Schutzlos und allein gegen ein ganzes Heer antretend, ist Scaeva bald von Pfeilen gespickt, so dicht, daß weitere Pfeile nicht mehr durchdringen.
"Schon hält nichts mehr von den ungeschützten Organen ab außer den Speeren, die schon in den äußeren Knochen stecken." (194f)

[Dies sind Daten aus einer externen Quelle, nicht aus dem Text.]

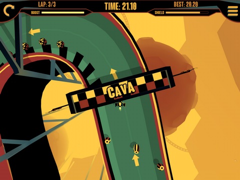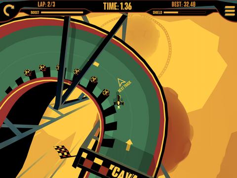 游戏的玩法看起来非常简单,重力感应系统控制着飞船的方向转动,在依靠屏幕左右两边的火箭喷射装置进行飞船的推动,完成围绕太空赛道三圈的狂飙,但就是这短短的三圈就能够让人向一个无头苍蝇一般不断的乱转,无论是倾斜屏幕控制方向,还是点燃推进装置前进都非常地难以保持稳定的控制,真真实实的来了一回太空飙车的体验了。
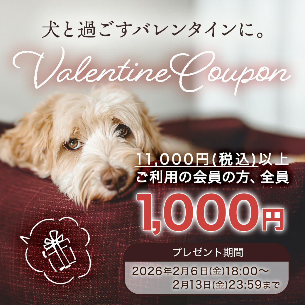 バレンタインクーポンは2月13日(金)23時59分まで使えますので、犬たちへのバレンタインプレゼントにぜひご利用ください。
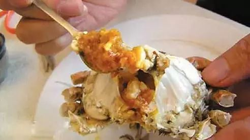 3、先吃蟹盖,用小勺把中间的蟹胃部分舀出,轻轻将外面包裹着的蟹黄吮干净。但要注意别吮破蟹胃,不干净。
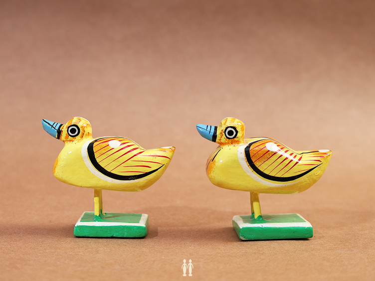 Set Of 2 Wooden Handicraft Multicolor Duck For Showpiece
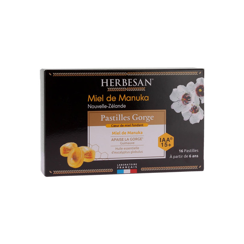 Sucre, Sirop de Glucose, Miel de Manuka Iaa15+, Extrait Sec de Racines de Guimauve (Althaea Officinalis), Huile Essentielle Chémotypée d’eucalyptus Globulus.
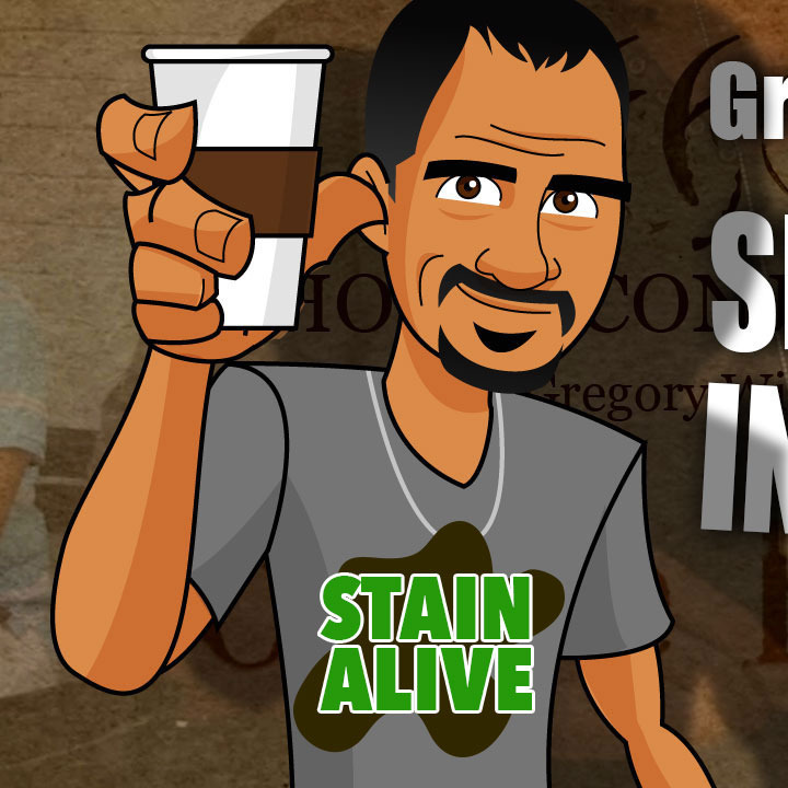 Stain Alive is one of the world's best coffee shop tricks. It's perfectly suited to the environment, EVERYTHING you need is around you, and best of all, it's easy to do AND clean up.
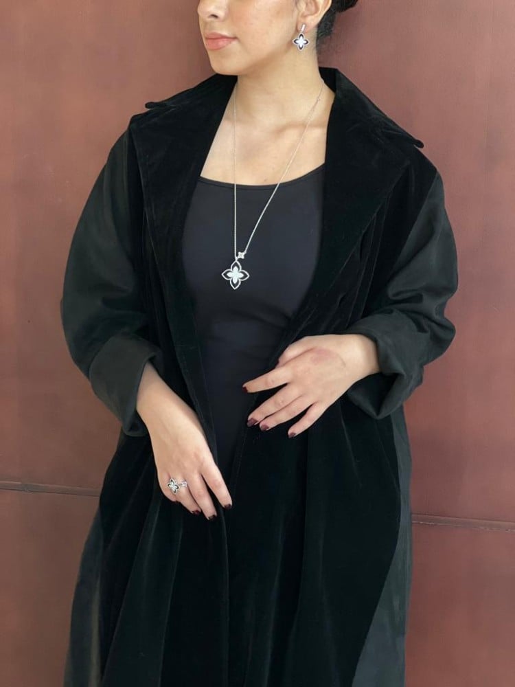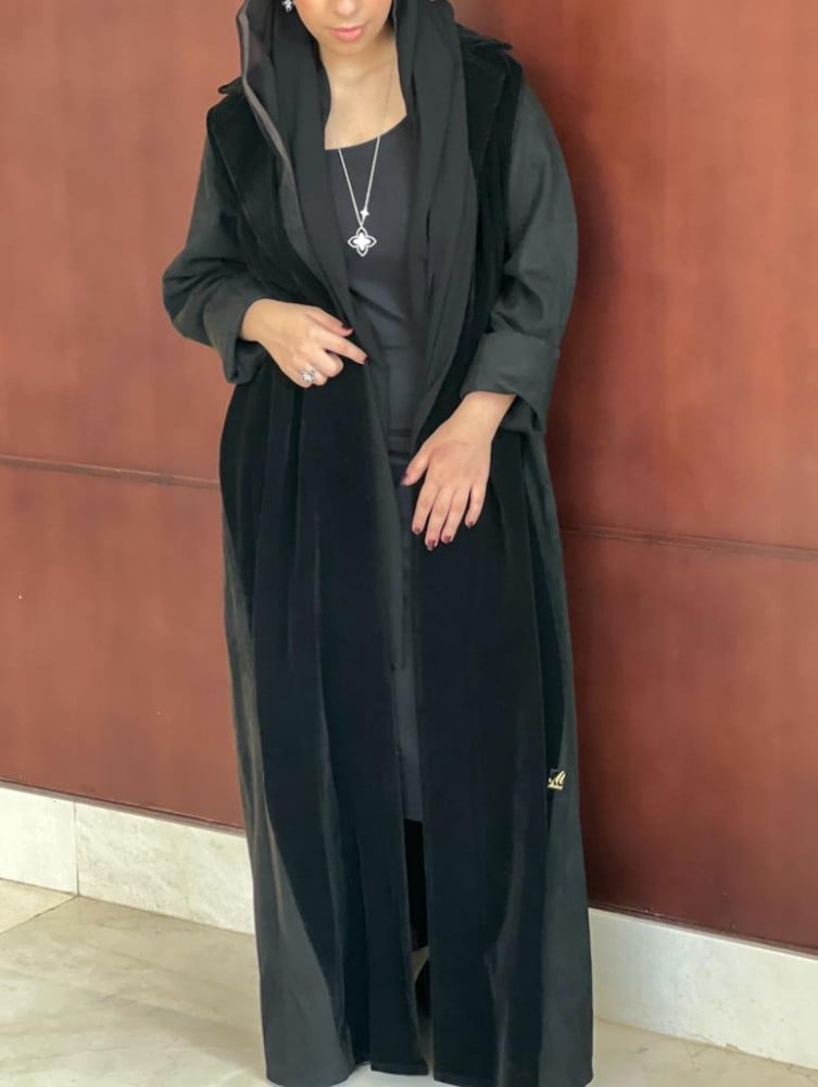 عباية شتوية عملية القماش شامواة اسود مع مخمل اسود
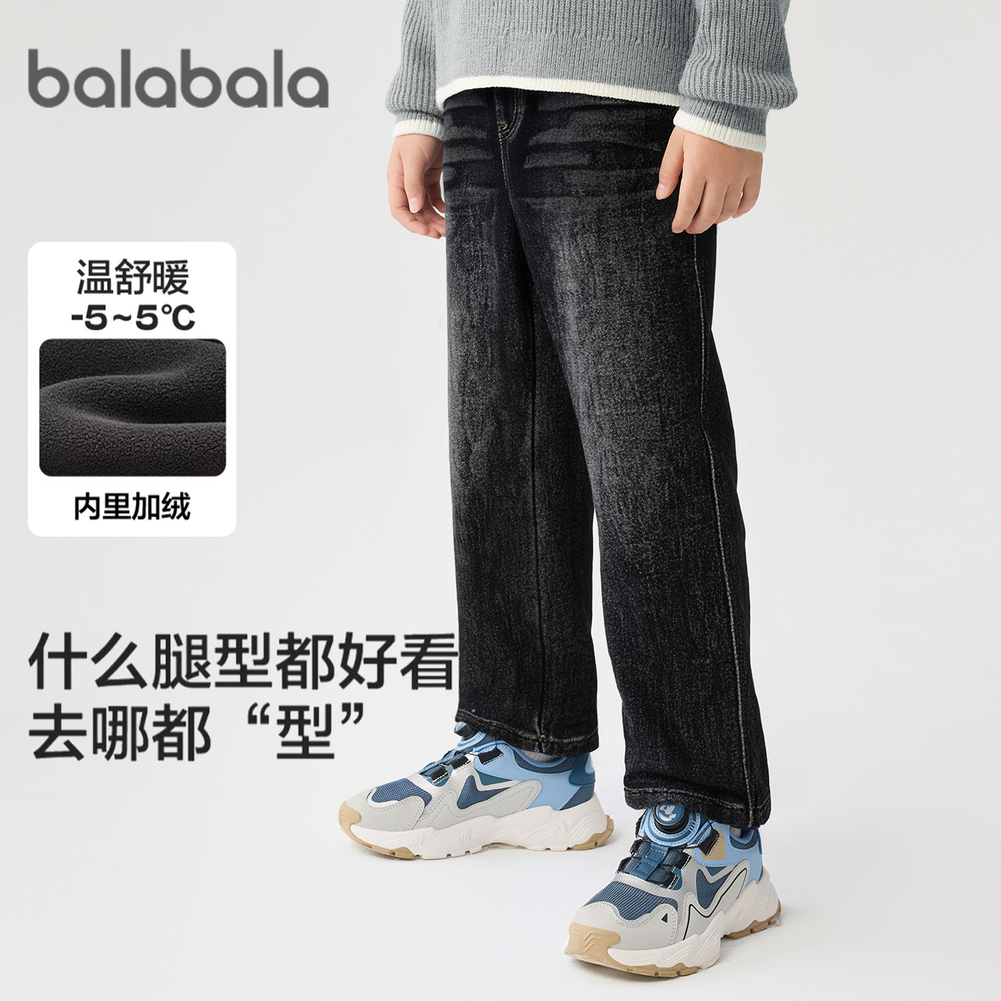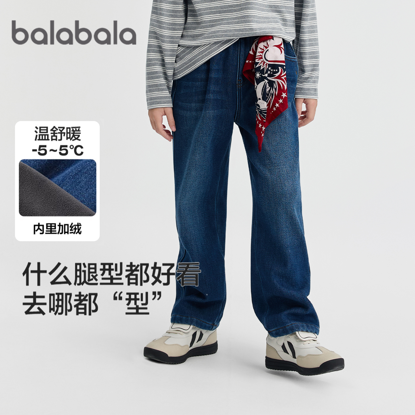巴拉巴拉男童加绒牛仔裤中大童裤子2025秋冬装新款童装儿童直筒裤
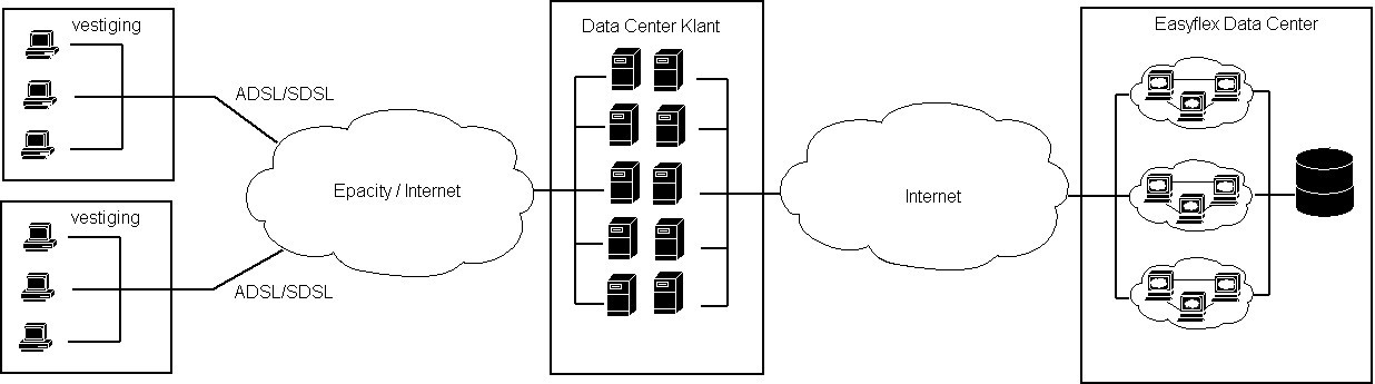 - De verantwoordelijkheid van de schaalbaarheid van Easyflex verplaatst zich van de Easyflex omgeving naar de Terminal Server omgeving van opdrachtgever. Een groei van het aantal eindgebruikers bij de opdrachtgever impliceert de groei van het aantal Terminal Servers. De ontsluiting naar het internet vanuit het datacenter van de opdrachtgever zal voldoende bandbreedte moeten bieden om een acceptabele performance voor iedere gebruiker te garanderen.

Ein Geschoß bleibt in Scaevas Auge hängen -- er reißt Pfeil mitsamt dem Auge heraus und trampelt zornig darauf herum. Die ganze Schilderung kippt ins unfreiwillig Komische; wie Scaeva einfach nicht unterzukriegen ist, hat etwas Ritter-der-Kokosnuß-Haftes: "Das ist nur ein Kratzer, schlag zu, du Feigling!" Andererseits aber erleben wir einen verzweifelten Menschen mit suidizaler Tendenz. Die Verbiestertheit, mit der Scaeva die Stellung hält, bis Verstärkung eintrifft, auf jeden Schutz verzichtet, ja, sich selbst gar nicht erlaubt, zu überleben, weil das nach seiner Auffassung eine Schande wäre, ist weniger Todesverachtung als vielmehr Todessehnsucht:
"Schon birgt er die Brust nicht mehr mit dem Schild, und aus Sorge, man könne von ihm glauben, er sei hinterm Schild und mit dem Schildarm untätig gewesen und durch seine eigene Schuld am Leben geblieben, geht er so vielen Wunden allein entgegen und sucht sich, einen dichten Wald [von Speeren] in der Brust tragend, einen der Feinde aus, auf den er, schon mit wackeligen Beinen, fallen kann." (202--206)
Und noch was ganz was anneres
Vor vielen Jahren stritt ich mich mit einer Kommilitonin um die Frage, ob öffentliche Leihbibliotheken auch einen Bildungsauftrag haben (sollten) und daher einen gewissen Kanon anbieten müßten (meine Ansicht), oder ob sie, da aus Steuergeldern finanziert, den Geschmack eben dieser Steuerzahler bedienen müßten (die Ansicht der Kommilitonin; meine eigene: wer Schund will, soll dafür bezahlen). Anlaß zu dem Gespräch war meine Entrüstung darüber, daß die fragliche Stadtbibliothek den vielgelobten Klassiker der Wissenschaftsgeschichte The making of the atomic bomb von Richard Rhodes, nein, nicht nicht im Bestand hatte, sondern das ehemals im Bestand befindliche Exemplar, na ja, aus dem Katalog gestrichen hatte. An dieses Gespräch mußte ich heute früh denken, als ich glucksend vor Vergnügen dieses Zitat las. Hahaha! Trivialität im Endstadium, das freut mein bildungssnobistisches Herz.